WORK REQUIRED =>
Print the line containing "Designed for an" and all lines after it, unchanged, through the end of the data. Leave the pictures out.

GIVEN DATA =>
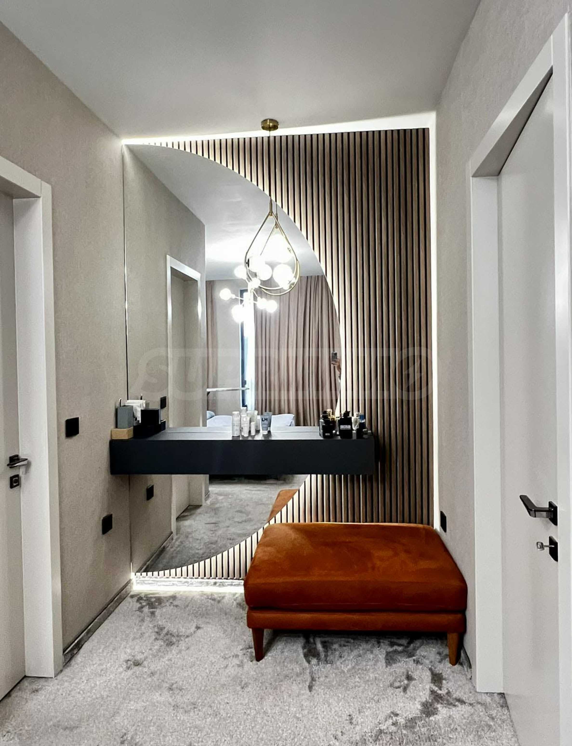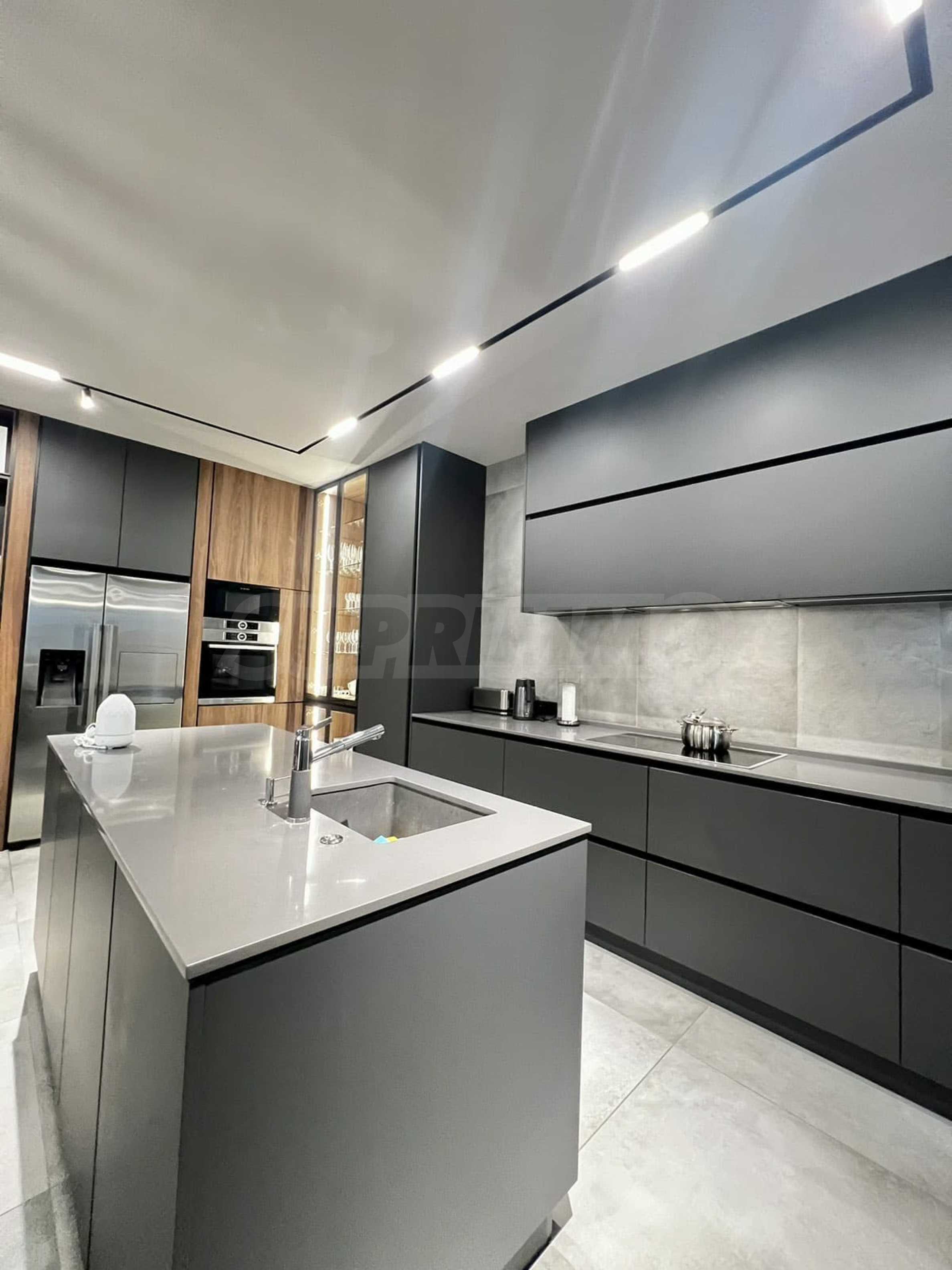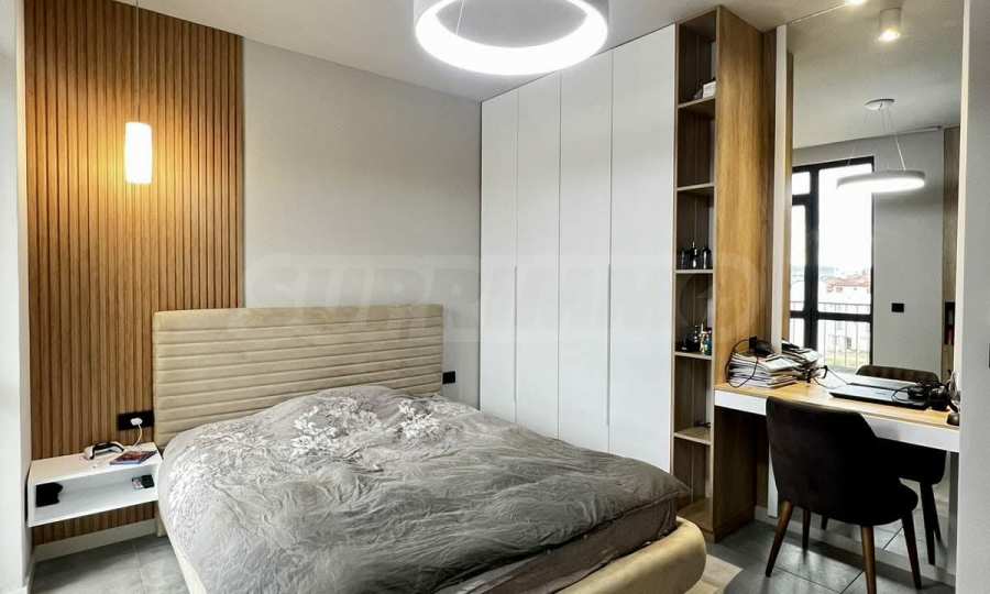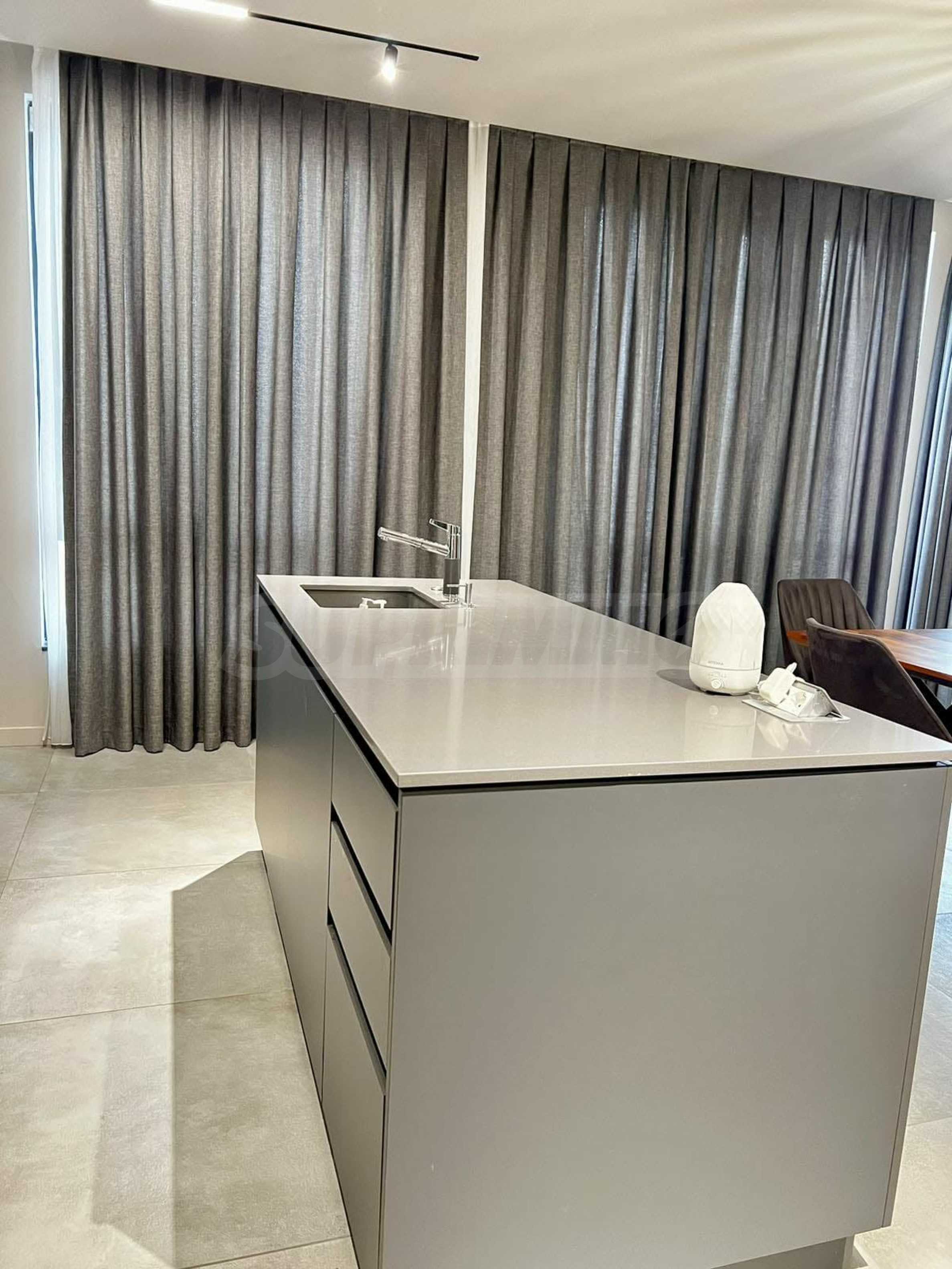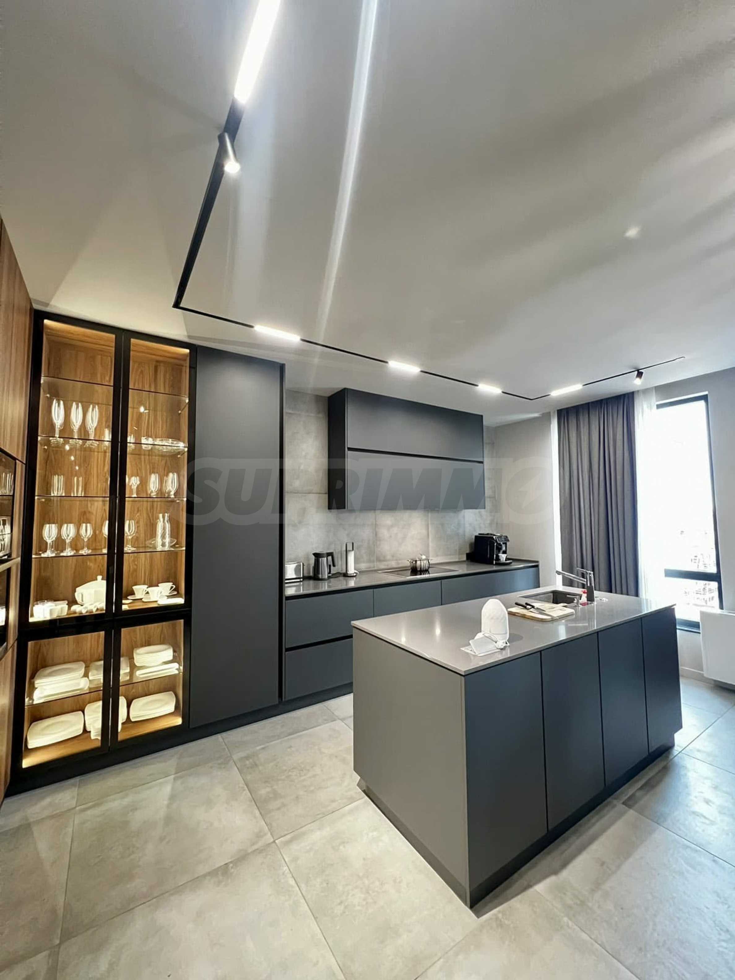 The apartment is fully furnished and equipped with the highest class appliances, kitchen equipment and designer furniture. With external and internal insulation of the highest quality materials, seven-chamber windows and high energy efficiency. Heating and cooling are solved by underfloor heating and a heat pump.
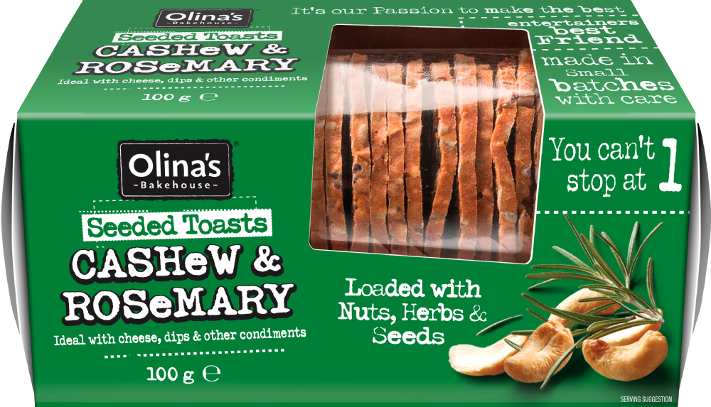 Seeded Toasts - Cashew & Rosemary 100g from Olina's Bakehouse.
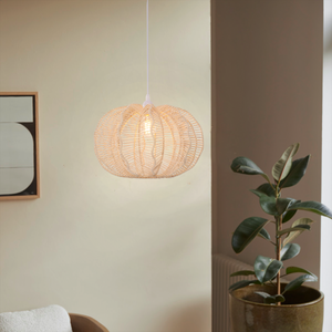 Designed for an E27 bulb, this pendant light emits a 2700K warm glow, creating a soothing and intimate ambiance. The woven rattan structure gently diffuses light, casting soft, decorative shadows across the room while still providing sufficient illumination. Whether used for focused task lighting or as a statement piece, its energy-efficient 8W design ensures a comfortable and inviting atmosphere, perfect for relaxed evenings, intimate gatherings, or peaceful reading nooks.
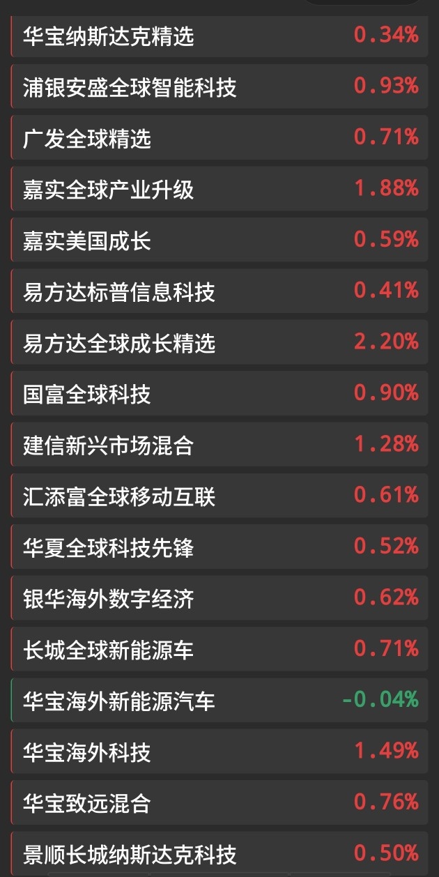 涨2.2%。是美基最靓的仔!华宝纳斯达克精选涨0.34%,是最落魄的明星基金!
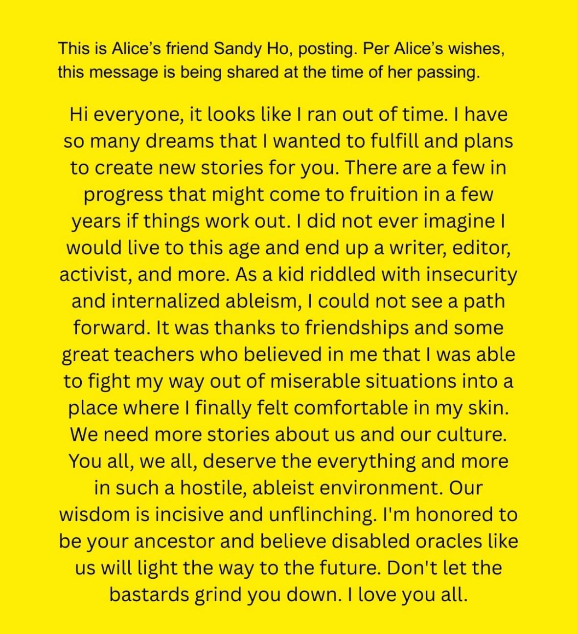 Oh my stars, we've lost a legend. Rest in power, Alice Wong.

ANSWER TO THIS EXERCISE =>
 Designed for an E27 bulb, this pendant light emits a 2700K warm glow, creating a soothing and intimate ambiance. The woven rattan structure gently diffuses light, casting soft, decorative shadows across the room while still providing sufficient illumination. Whether used for focused task lighting or as a statement piece, its energy-efficient 8W design ensures a comfortable and inviting atmosphere, perfect for relaxed evenings, intimate gatherings, or peaceful reading nooks.
 涨2.2%。是美基最靓的仔!华宝纳斯达克精选涨0.34%,是最落魄的明星基金!
 Oh my stars, we've lost a legend. Rest in power, Alice Wong.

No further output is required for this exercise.